Indiana could make it even more difficult for kids to get a LGBT-inclusive sex education

School children

The US state of Indiana could be set to make it even more difficult for kids to get access to LGBT-inclusive sex and relationships education.

The Senate in the state has passed a bill which would mean instead of opt-out for kids whose parents do not want them to attend the human sexuality classes, it will now be opt-in.

Sex education is not compulsory in the state, and there is no official record of which schools provide sex education, nor what they teach in the class.

And if there is the potential for “controversial” content in the human relationships classes, parents are sometimes informed of the class, on a case-by-case basis.

Officially, the Indiana Department of Education requires schools wanting to teach sex education to teach abstinence “as the expected standard for all school-age children.”

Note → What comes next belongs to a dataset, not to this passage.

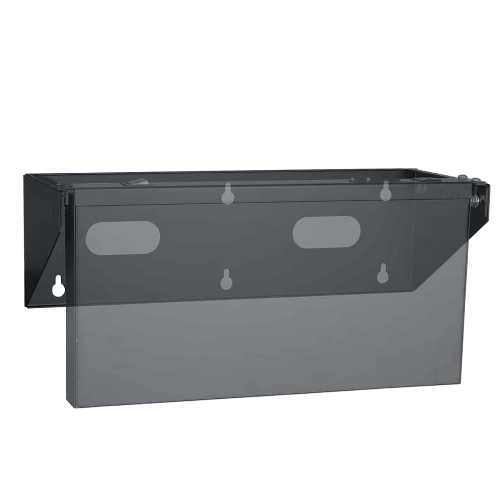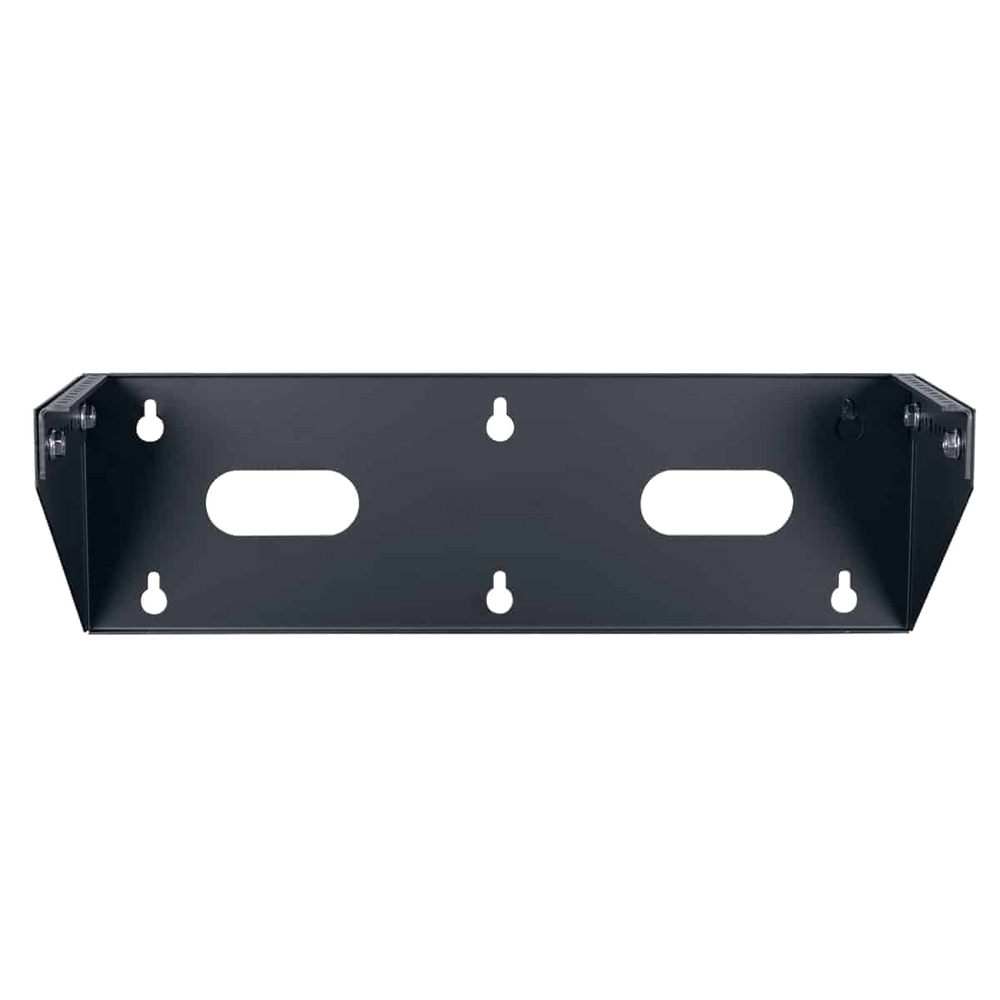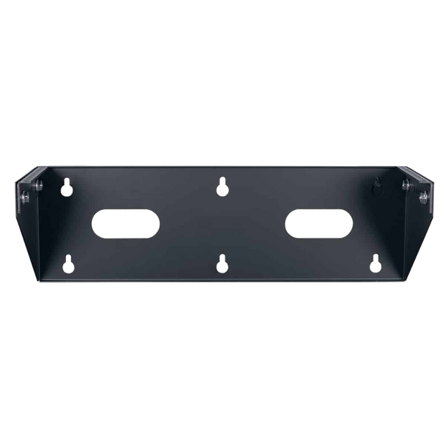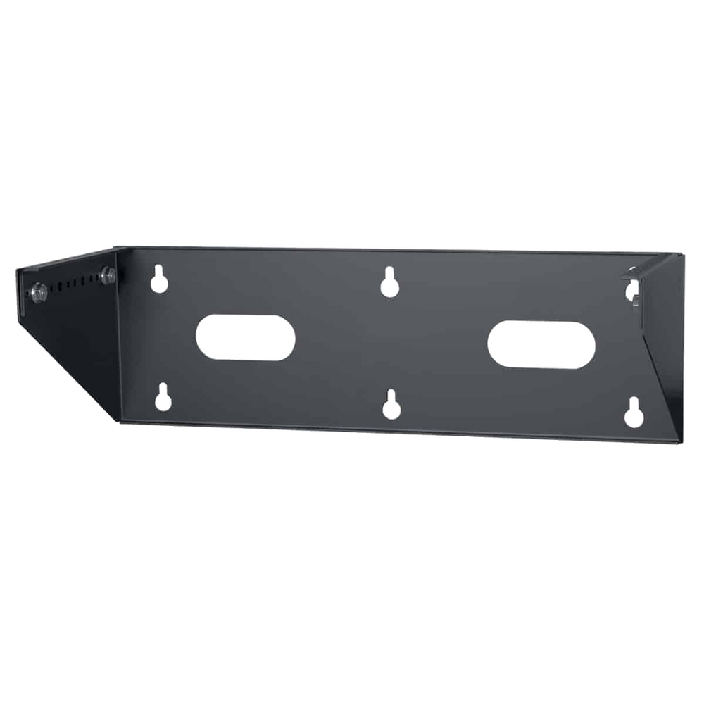 The quintessential space saving solution for one or two pieces of electronics, the VR-4 mounts to a wall or desk to hold equipment vertically or horizontally. The open frame provides 4U rack space and accommodates numerous depths. Two units can be used together for four-point mounting. Includes one pair of 10-32 threaded rails. Black powder epoxy finish.

And this week things went from bad to worse for advocates of LGBT-inclusive sex education.

Senate Bill 65, which would mean that parents would need to opt-in their children to get sex education, passed in the state Senate with 37-12 votes.

The bill will now go to the House for further scrutiny.

Its sponsor, Senator Dennis Kruse, said: “If anything needed an opt-in parental consent, it’s human sexuality study.”

“I think people pretty well know what’s good, and what’s proper, and what’s moral and what’s not moral,” Kruse added, speaking on the Indiana Senate floor.


Co-authors on the bill were Senator Blake Doriot and Senator Michael Young.

But Kruse has voted against same-sex marriage and was one of the co-sponsors on the state’s “religious freedom” law, seen as a license to discriminate against LGBT people in the name of religion.

School children

(Getty)

As well as requiring opt-in for sex education, the bill would also mean that the state has to make all schools available for inspection on the materials used in the classes.

Contacting more than 200 school districts himself, Democratic Senator Karen Tallian found that 149 districts were responsive, and 131 out of those said they ran a sex education programme.

Amendments to the bill have been tabled but have failed. One included changing the opt-in to an opt-out.

And Talian also attempted to stall the bill by sending it back for further study on how many schools and in what way sex education is being taught currently.